A: Not yet, but we’re a lot closer to that point. The union will need to give at least five days’ notice before walking out. AFSCME will probably want to hold a strike authorization vote first. We’re probably a couple of weeks away from a strike at least, but without a contract in place, a strike is much more likely.

Q: What are they arguing over?

A: Quinn is looking for two things in the next contract. First, he wants state employees to accept pay cuts. Second, he wants retired state employees to contribute more for the cost of health insurance. The union is resisting both.

Q: What’s next?

A: It’s hard to predict. My best guess is that the sides will meet at least one more time. If that fails, Quinn may notify the union that he is going to implement his terms on his own, but that depends on just how serious the governor is about reining in labor costs.

Q: What will the union do?

A: I don’t have inside sources at AFSCME, but I wouldn’t be surprised if AFSCME holds more protests and schedules a strike vote. If Quinn implements his terms, the union is almost guaranteed to start preparing for a strike by starting protests, picketing, holding a strike vote and then setting a strike date and notifying the governor.

Q: What would a strike mean?

A: It wouldn’t quite be the end of the world. A lot of state employees, especially state troopers and prison guards, aren’t allowed to go on strike. If all else fails they’ll have an arbitrator come in and write a contract.  But the rest of state agencies – Department of Human Services, Secretary of State, environmental agencies – those could be shut down.

Q: Could Quinn prevent a strike by agreeing to another extension?

A: Not indefinitely. AFSCME could have decided not to offer the extension themselves, and that would have had the same effect.

Q: What are the sticking points?

A: Illinois is broke but AFSCME refuses to make concessions that would allow Illinois to balance its books. State pensions are underfunded by at least $96 billion – that’s the state’s estimate, based on fairly optimistic assumptions about investments. The real figure exceeds $200 billion.

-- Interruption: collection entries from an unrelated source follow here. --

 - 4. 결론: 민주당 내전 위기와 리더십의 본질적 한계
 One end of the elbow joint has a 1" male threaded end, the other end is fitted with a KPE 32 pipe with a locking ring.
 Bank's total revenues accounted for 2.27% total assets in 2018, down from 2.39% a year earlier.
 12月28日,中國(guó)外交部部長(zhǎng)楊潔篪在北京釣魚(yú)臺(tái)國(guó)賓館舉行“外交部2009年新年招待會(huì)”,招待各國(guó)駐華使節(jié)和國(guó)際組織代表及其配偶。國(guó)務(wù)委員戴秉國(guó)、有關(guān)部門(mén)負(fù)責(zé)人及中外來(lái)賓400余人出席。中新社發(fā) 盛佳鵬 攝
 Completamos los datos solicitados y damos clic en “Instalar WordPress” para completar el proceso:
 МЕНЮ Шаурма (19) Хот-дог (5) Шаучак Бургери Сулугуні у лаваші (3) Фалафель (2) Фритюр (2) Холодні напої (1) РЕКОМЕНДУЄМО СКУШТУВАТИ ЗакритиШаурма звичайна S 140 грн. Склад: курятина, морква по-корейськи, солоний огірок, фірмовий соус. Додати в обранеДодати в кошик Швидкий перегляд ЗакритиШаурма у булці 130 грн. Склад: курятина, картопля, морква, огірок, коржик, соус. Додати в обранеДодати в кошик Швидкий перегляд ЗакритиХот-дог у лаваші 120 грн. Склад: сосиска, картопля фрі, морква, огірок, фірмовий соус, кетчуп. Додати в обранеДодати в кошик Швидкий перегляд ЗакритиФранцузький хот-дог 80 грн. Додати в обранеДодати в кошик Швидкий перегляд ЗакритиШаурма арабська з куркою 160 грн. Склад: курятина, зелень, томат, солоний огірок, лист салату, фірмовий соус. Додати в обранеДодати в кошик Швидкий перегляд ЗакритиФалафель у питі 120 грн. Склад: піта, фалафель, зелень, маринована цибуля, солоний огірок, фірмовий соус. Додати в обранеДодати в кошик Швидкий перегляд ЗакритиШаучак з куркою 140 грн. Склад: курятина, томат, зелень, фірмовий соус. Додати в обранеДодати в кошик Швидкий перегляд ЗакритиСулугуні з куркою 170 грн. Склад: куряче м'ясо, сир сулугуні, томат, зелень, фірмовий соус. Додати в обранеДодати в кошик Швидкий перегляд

The state can’t afford pay raises. The total state debt is $271 billion, or $21,000 per Illinois resident. The state has a backlog of $9 billion in unpaid bills.

AFSCME is also concerned about health care benefits because of the passage of Senate Bill 1313. As a result of this bill, Quinn shouldn’t need to bargain with the unions regarding health care benefits. SB 1313 says that the executive branch has the authority to determine how much retired state employees will pay for their health insurance. Retiree health care has always been what’s known as a “discretionary” bargaining topic, meaning that the governor should be able to decide this without the union’s permission if it’s important enough to him.

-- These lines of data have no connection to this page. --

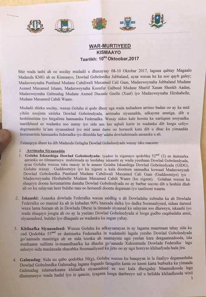 Maamuladii ku shirayay Kismaayo ayaa war ka soo saaray kulankoodii mudada dheer qaatey. Maamuladan gaarayay shanta oo qaarkood muran ka taagnaa in ay yihiin madaxda saxda ayaa warmurtiyeed soo saaray.
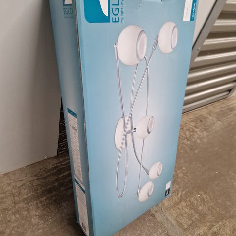 Taklampa med utsida i svart tyg. Insida i blank mörk brons. 5 stycken ljuskällor. Dia skärm: 50-55 cm Höjd skärm: 37-38 cm Kartongen kvar. Nypris 7900 kr
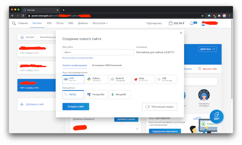 Выберите самый дешёвый хостинг и создайте на нём сайт. Предварительно купите домен в NetAngels (или в любом другом месте, на reg.ru, например) или создайте бесплатный, на котором будет работать TDS. Можно создавать сайт.
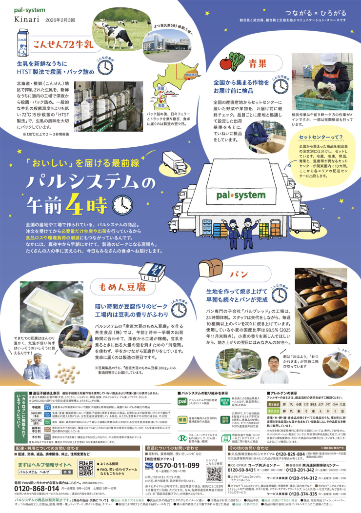 【2月3回】カタログ裏表紙~「コトコト」「Kinari」おいしいを届ける最前線 パルシステムの午前4時

Q: So why does Quinn say he has to bargain over this?

A: Maybe he’s afraid of a strike or what AFSCME can do to him politically, but it isn’t because the law says he has to.

Q: Why is the union taking a hard stance?

A: Because the law gives them the power to dictate to elected officials. The governor has to negotiate with the union on many issues, even if individual state employees oppose what the union does. The union receives millions of dollars in guaranteed union dues and uses that money to buy influence with politicians too. Union officials have a lot of power, and there’s nobody, not even the workers they represent, who is really in a position to hold them accountable for what they do.

Q: What would a good settlement look like?

A: There are lots of ways this could be settled fairly, but in an ideal world the union would recognize that the state really is in bad fiscal and economic shape, probably even worse than the governor himself says.  They would allow for changes to retiree health insurance and then sign a contract that accepts pay cuts and moves new state employees to a defined-contribution retirement plan. That will prevent the state from getting into these huge pension holes in the future.

Q: What can we do?

A: Check out the Illinois Policy Institute’s Labor Manifesto. It helps explain how government unions have put us in such a bind. Then call your elected officials; encourage them to take a firm stand against reckless union demands and call on them to change the labor law to give individual workers more choices and put the public back in charge of government.